Adoption in America, 1981
Title | Adoption in America, 1981 PDF eBook |
Author | United States. Congress. Senate. Committee on Labor and Human Resources. Subcommittee on Aging, Family, and Human Services |
Publisher | |
Pages | 140 |
Release | 1981 |
Genre | Adoption |
ISBN |
Adoption in America
Title | Adoption in America PDF eBook |
Author | E. Wayne Carp |
Publisher | University of Michigan Press |
Pages | 264 |
Release | 2009-12-14 |
Genre | Family & Relationships |
ISBN | 0472024639 |
"Includes research on adoption documents rarely open to historians . . . an important addition to the literature on adoption." ---Choice "Sheds new light on the roots of this complex and fascinating institution." ---Library Journal "Well-written and accessible . . . showcases the wide-ranging scholarship underway on the history of adoption." ---Adoptive Families "[T]his volume is a significant contribution to the literature and can serve as a catalyst for further research." ---Social Service Review Adoption affects an estimated 60 percent of Americans, but despite its pervasiveness, this social institution has been little examined and poorly understood.

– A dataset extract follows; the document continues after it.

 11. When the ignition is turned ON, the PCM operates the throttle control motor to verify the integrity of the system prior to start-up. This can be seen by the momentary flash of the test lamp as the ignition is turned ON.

Adoption in America gathers essays on the history of adoptions and orphanages in the United States. Offering provocative interpretations of a variety of issues, including antebellum adoption and orphanages; changing conceptions of adoption in late-nineteenth-century novels; Progressive Era reform and adoptive mothers; the politics of "matching" adoptive parents with children; the radical effect of World War II on adoption practices; religion and the reform of adoption; and the construction of birth mother and adoptee identities, the essays in Adoption in America will be debated for many years to come.
Adoption Beyond Borders
Title | Adoption Beyond Borders PDF eBook |
Author | Rebecca Jean Compton |
Publisher | Oxford University Press |
Pages | 249 |
Release | 2016 |
Genre | Family & Relationships |
ISBN | 0190247797 |
This book provides a ringing endorsement of international adoption based on comprehensive evidence from social and biological sciences paired with the author's first-hand experience visiting a Kazakhstani orphanage for nearly a year. A balanced account of the evidence supports international adoption as a viable means of promoting child welfare.

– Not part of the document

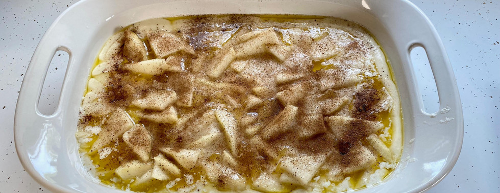 Place the butter in a 9 by 13 inch baking dish, then place the dish in the over to melt the butter. Remove from the oven as soon as the butter is melted. Pour the batter over the melted butter. Spoon the pears over the batter. The pears should not extend more than 1 inch from the top of the dish.

Jean Paton and the Struggle to Reform American Adoption
Title | Jean Paton and the Struggle to Reform American Adoption PDF eBook |
Author | E. Wayne Carp |
Publisher | University of Michigan Press |
Pages | 432 |
Release | 2014 |
Genre | Biography & Autobiography |
ISBN | 0472119109 |
Adoption activist Jean Paton (1908–2002) fought tirelessly to reform American adoption, dedicating her life to overcoming American society’s prejudices against adult adoptees and women who give birth out of wedlock. From the 1950s until the time of her death, Paton wrote widely and passionately about the adoption experience, corresponded with policymakers as well as individual adoptees, promoted the psychological well-being of adoptees, and facilitated reunions between adoptees and their birth parents. She also led the struggle to re-open adoption records, creating a national movement that continues to this day. While “open adoption” is often now the rule for adoptions within the United States, for those in earlier eras, adopted in secrecy, the records remain sealed; many adoptees live (and die) without vital information that should be a birthright, and birth parents suffer a similar deprivation. At this writing, only seven of fifty states have open records. (Kansas and Alaska have never closed theirs.) E. Wayne Carp’s masterful biography of Jean Paton brings this neglected civil-rights pioneer and her accomplishments into the light. Paton’s ceaseless activity created the preconditions for the explosive emergence of the adoption reform movement in the 1970s. She founded the Life History Study Center and Orphan Voyage and was also instrumental in forming two of the movement’s most vital organizations, Concerned United Birthparents and the American Adoption Congress. Her unflagging efforts over five decades helped reverse social workers’ harmful policy and practice concerning adoption and sealed adoption records and change lawmakers’ enactment of laws prejudicial to adult adoptees and birth mothers, struggles that continue to this day. Read more about Jean Paton at http://jeanpaton.com/
Current Catalog
Title | Current Catalog PDF eBook |
Author | National Library of Medicine (U.S.) |
Publisher | |
Pages | 1174 |
Release | 1982 |
Genre | Medicine |
ISBN |
First multi-year cumulation covers six years: 1965-70.
Monthly Catalog of United States Government Publications
Title | Monthly Catalog of United States Government Publications PDF eBook |
Author | |
Publisher | |
Pages | 1040 |
Release | |
Genre | Government publications |
ISBN |
Family Matters
Title | Family Matters PDF eBook |
Author | E. Wayne Carp |
Publisher | Harvard University Press |
Pages | 342 |
Release | 1998 |
Genre | Family & Relationships |
ISBN | 9780674001862 |
Family Matters cuts through the sealed records, changing policies, and conflicting agendas that have obscured the history of adoption in America and reveals how the practice and attitudes about it have evolved from colonial days to the present.